Tuesday, 21 June 2011

Postcards: Lynne Heller

Lynne Heller, Cutter Quilt #1 (detail), 2002
Hexagons are a big influence on my thinking these days. I love the possibilities that they offer and how they fit together. This image is a detail of Cutter Quilt #1 by Lynne Heller. The postcard was for a Wide Borders show with Lynne Heller, Lorraine Roy, and Karen Thiessen (me). The show started at the Burlington Art Centre, and then travelled to the Tom Thomson Memorial Art Gallery, and finally to the Cambridge Gallery. This postcard is for the Tom Thomson show (2003).

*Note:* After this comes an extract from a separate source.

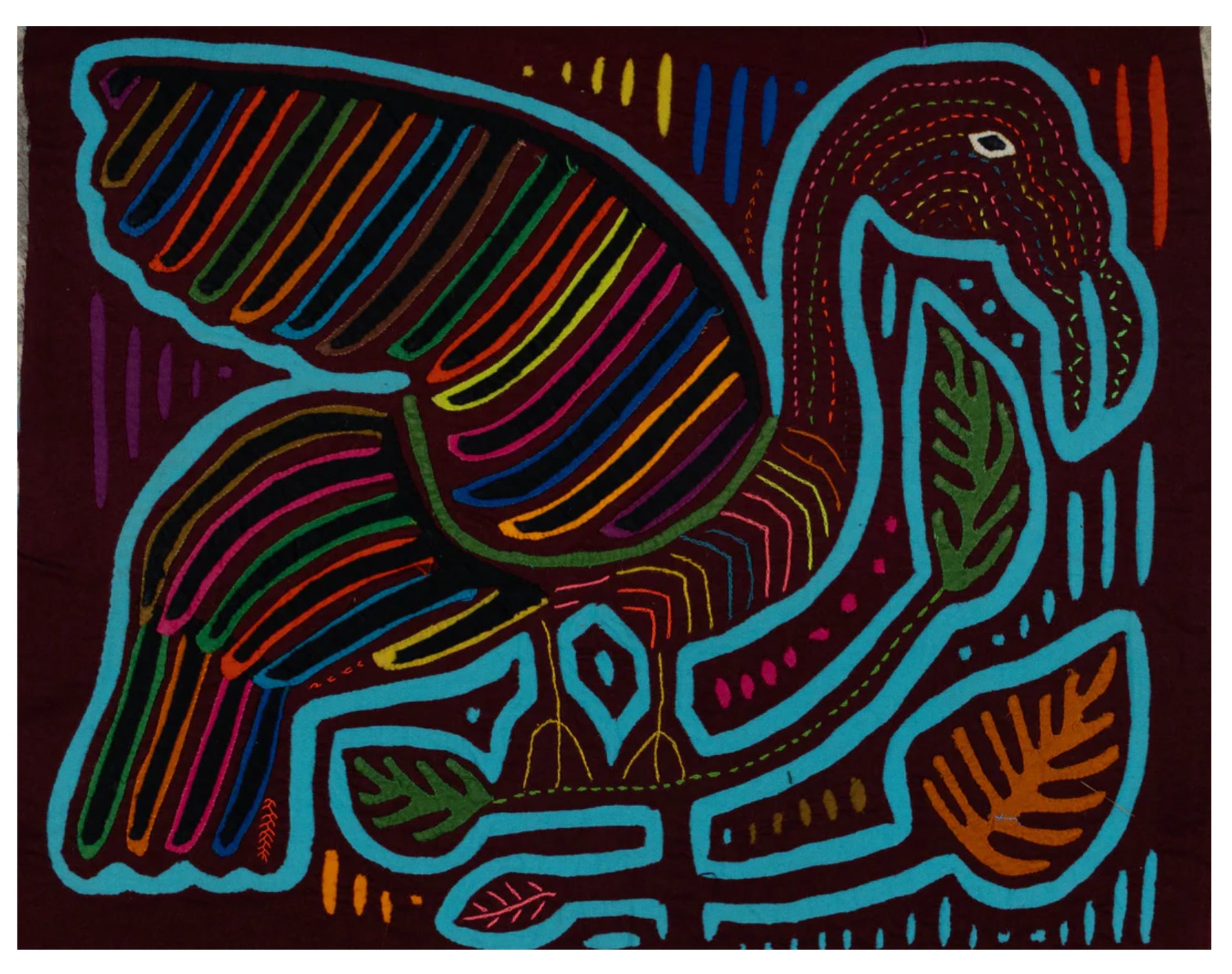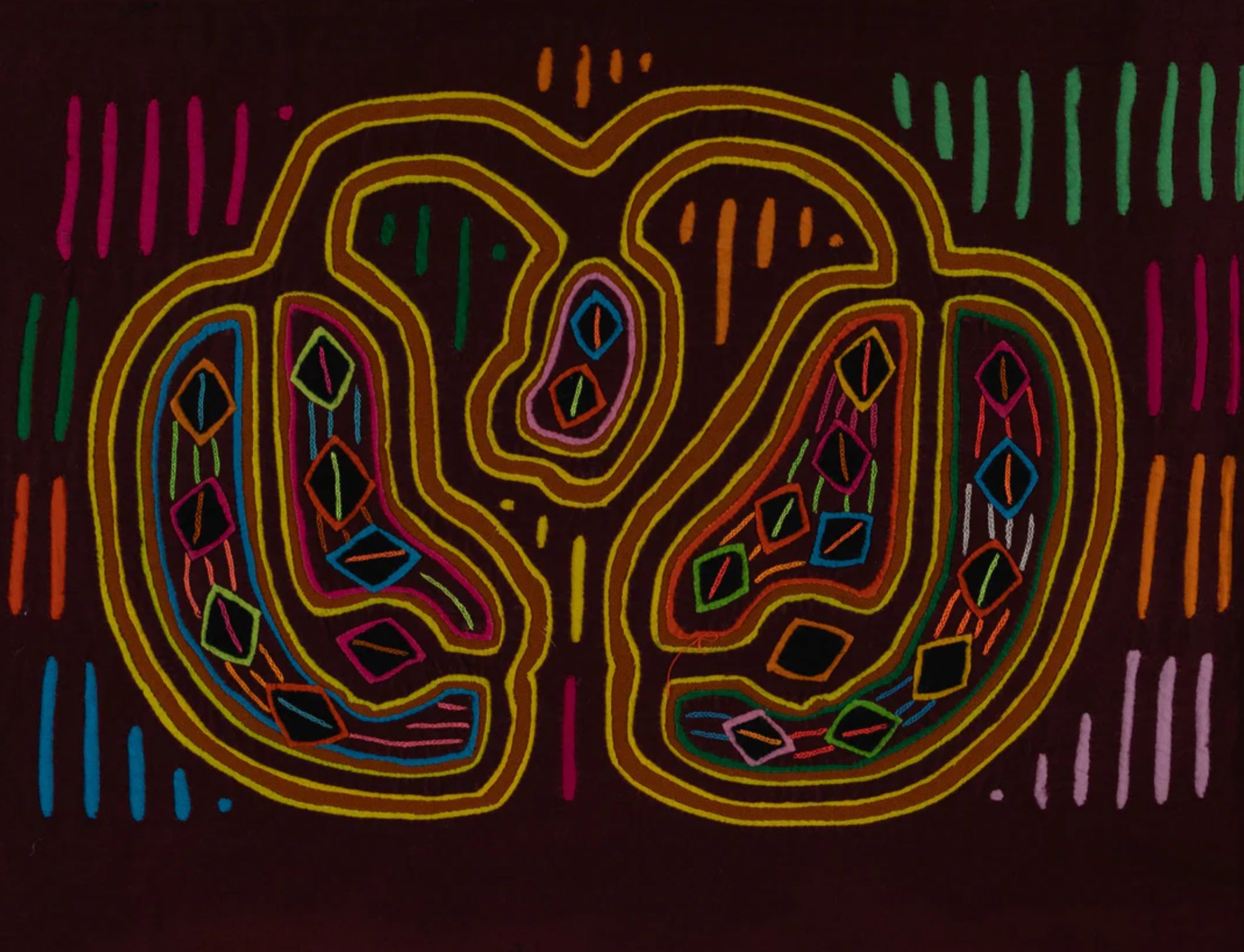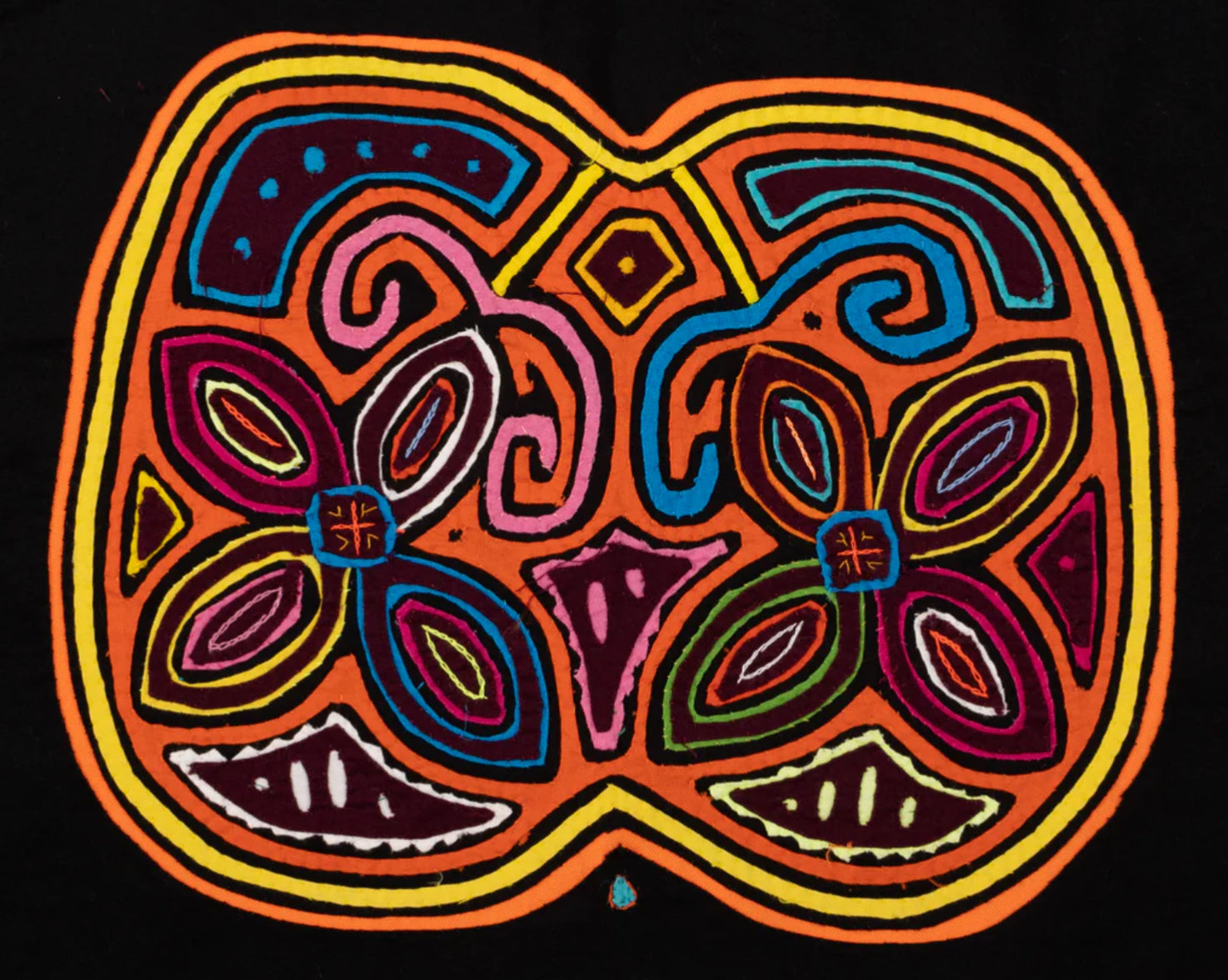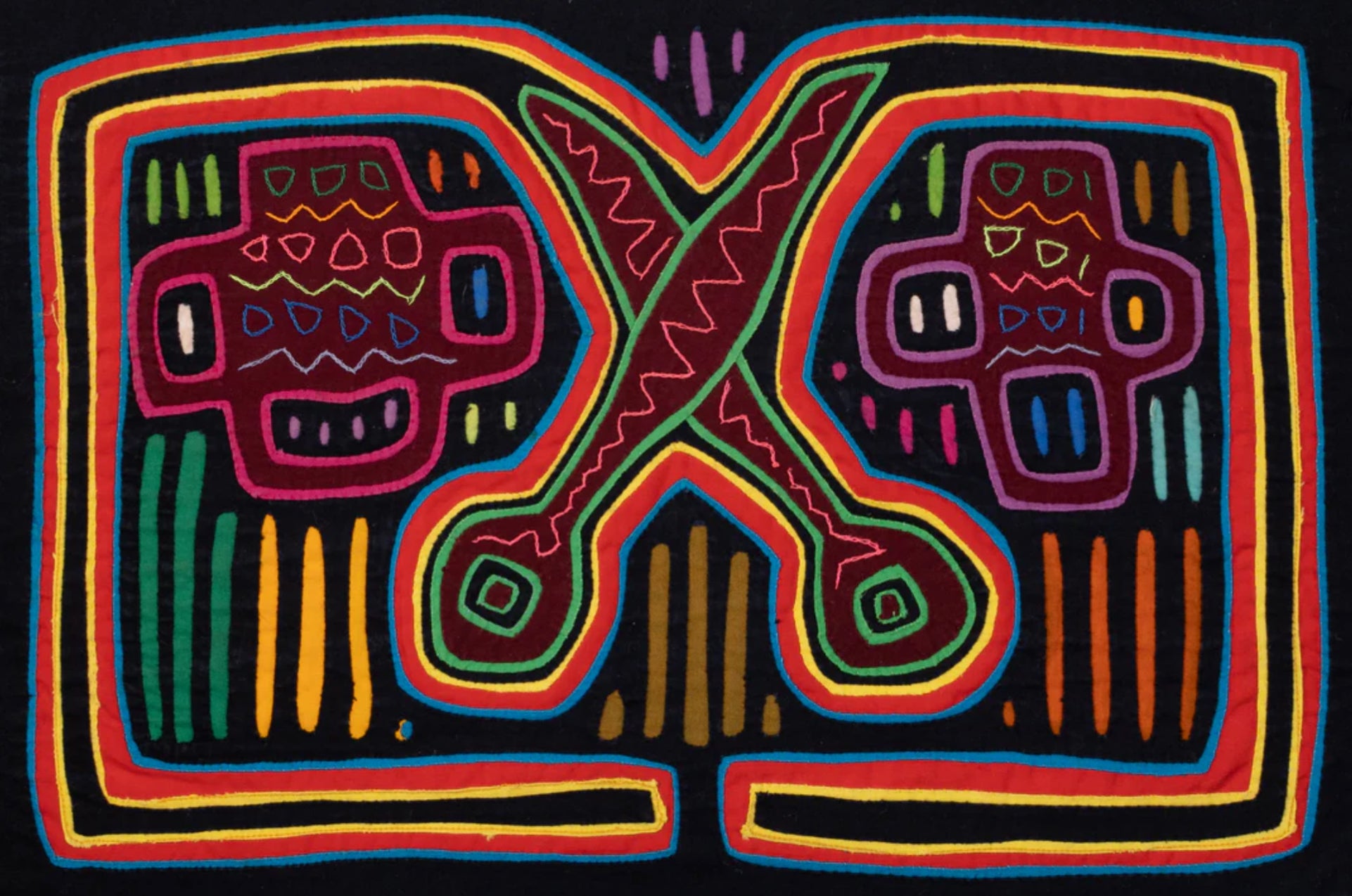 But the Mola or Molas is a hand-made textile that forms part of the traditional women's clothing of the indigenous Guna people from Panama. Hmmm. Interesting. Want to learn more? Come to class with us! Feb 20-22 or March 6-8 Michele Micarelli will be teaching with us again and the class will focus on Mola’s. The class size will be small, only 12 students for each class session She is designing the patterns along traditional lines and will help you color plan a wild vibrant piece of art that will make a great small table mat, pillow, wall hanging or rug. Or help you create one with your color palette, to work in your home, but with the Molas design theme!

Lynne is a creative polymath: she works with textiles, virtual reality, installation, sound, material culture, web design and she teaches post-secondary art. For the Wide Borders show, she did an installation (called Gift) with 16 channels of sound, recorded interviews and 80 heritage quilts loaned by Jeffrey Alford of Hot Sour Salty Sweet fame. Lynne supplemented her installation with five cutter quilts. Cutter Quilt #1 is a re-imagining of several heritage quilts that were too battered for Jeffrey to repair. Lynne breathed new life into what otherwise may have become landfill. Did you know that hexagons cannot be machine-sewn together: they all must be hand-sewn? Long ago, an unknown woman hand-pieced these hexagons, possibly cut from fabric remnants and old clothing. Lynne used a Dremel tool (probably with the wire brush attachment) to remove the hexagons of fabric to reveal the batting and the architecture of the quilt. How cool is that?